There are ways to save money while making wine, too:

* recycling old wine bottles - takes time, but saves some money ($15 a case). I struck a deal with friends that a case of empty, clean wine bottles will get them a bottle of their choice from my basement. Also, I know a guy who owns a restaurant... again, it's more work than money.

* borrow a floor corker to do your first batch. They're $70-100 new and very well worth the expense if you're going to stay in the hobby. Hand corkers are difficult to master (tell you what, if you want mine, I'll sell it to you for half what you can get a new one for - never used).


----------



## Double Daylo (May 12, 2016)

I can't recommend making the dragons blood highly enough. It is a very cheap to make(around a dollar a bottle), very quick to make(start to bottle in around a month) and quick to drink(drinkable right away but improves greatly in a month to a couple months). I make a ton of this stuff(I am now up to 15 gallon batches) and it is a great zin style wine that is fruity and extremely easy to drink. It for me(like so many others on here) is one of the wines that is enjoyed and wanted by many of my family. I bring it to every holiday for everyone to drink and they are blown away by how delicious something I made in my basement tastes. I have been asked by many to buy cases from me.
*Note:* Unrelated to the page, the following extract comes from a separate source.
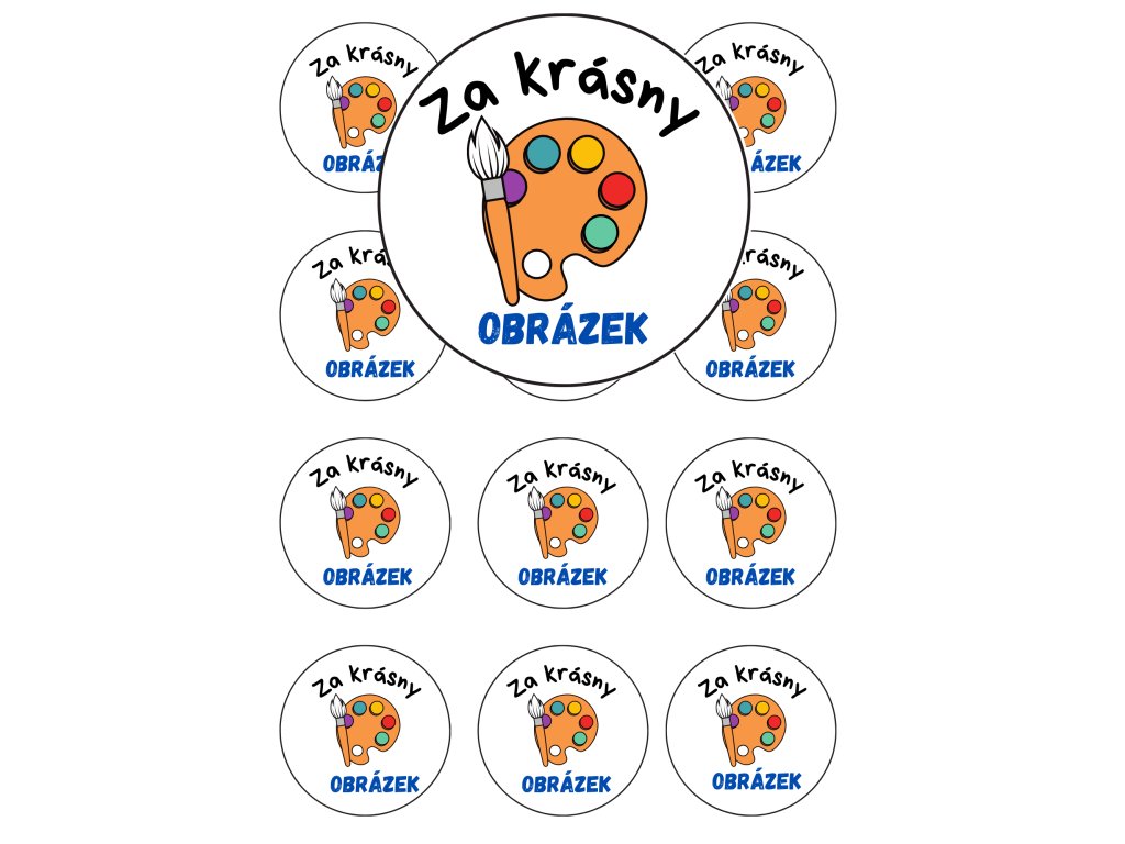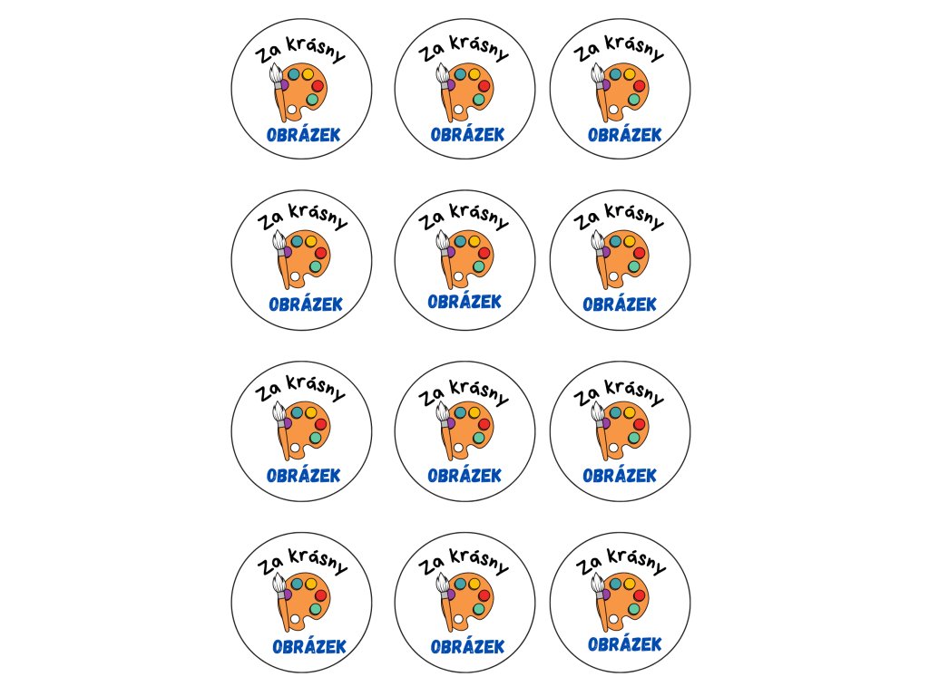 Motivační samolepky ,,Za krásný obrázek" Formát: A4 - obsahuje 12 kusů předřezaných samolepek o průměru 6 cm. Praktické využití: - pro děti do MŠ ale i na doma - vhodné jako hodnocení nebo odměna

It is a great start and way to learn and move into other wines. I make all fruit wines and they are another great way to learn. Grape wines can get complex and expensive, but once you know what you are doing worth it. 
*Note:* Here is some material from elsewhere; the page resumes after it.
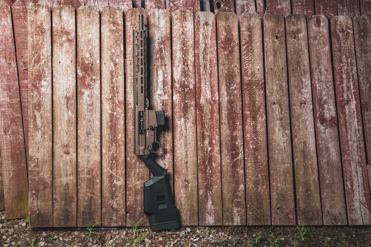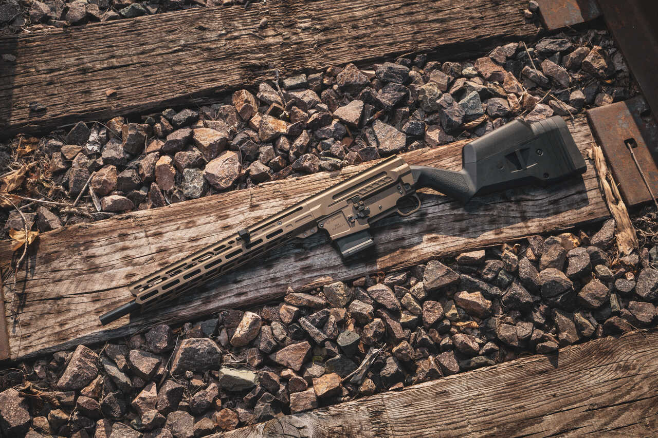 The 16.1" firearm ships with (2) 10rd magazines, Remington 870 stock compatible, cross-bolt safety, forward non-reciprocating side charger, a proprietary ZEROED single stage trigger and your choice of (7) colors.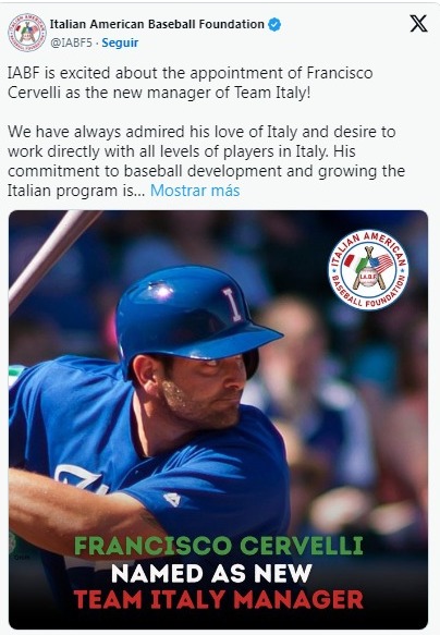 Deportes.- El italo-venezolano Francisco Cervelli fue oficializado este lunes como manager de la selección de Italia para el Clásico Mundial de Béisbol 2026.

Making wine isn't just about the cost being cheaper or more expensive as everyone has said. I get the most satisfaction from the same thing you mentioned. I personally made it. I am able to drink it. It is without a doubt my favorite hobby out of the many I have. Just be careful, its very addictive! I have almost 300 bottles in my cellar, another 300 in brew, and my basement is mostly filled with wine stuff haha.
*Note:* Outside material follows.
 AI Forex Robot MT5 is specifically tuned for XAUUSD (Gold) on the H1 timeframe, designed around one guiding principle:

As for making the hubby get on your side. What does wine do to women that all men enjoy? You will now be drinking alot more wine which in turn....I am sure you see where I am going with this lol.


----------



## Tnuscan (May 12, 2016)

Hi!
I noticed gardening is also your hobby. Gardening really goes well with wine making. I just put 50 pounds of strawberries in the freezer. Looks as if I may triple that amount easy. I have 5 different varieties of blueberries ( 60 bushes ). Blackberry, raspberry etc... homegrown, homemade wine. Just about as cheap as you can get. Hint, hint.


----------



## JohnT (May 12, 2016)

Zintrigue said:


> . He thinks that all of the time and costly ingredients it takes to make wine is ridiculous when I can just go buy a $7 bottle of Barefoot from the store and be done.


 
That is like saying that all of the time and costs it takes to visit Disney World is ridiculous when I can just go and see it on google earth.

Not the same thing. In both cases you are missing out on the experience.


----------



## Johnd (May 12, 2016)

I have a thought to interject here. 

Instead of you trying to prove to him your hobby is going to save money, do a financial analysis of his favorite hobby. If it's like most hobbies, even if it's not a break even proposition, the pleasure we acquire comes from our personal satisfaction (I've never been satisfied with my golfing, so it's not a hobby any more). I'm not saying that personal satisfaction should be gratified at any cost, but if it's in line with your financial capabilities, then the cost is irrelevant.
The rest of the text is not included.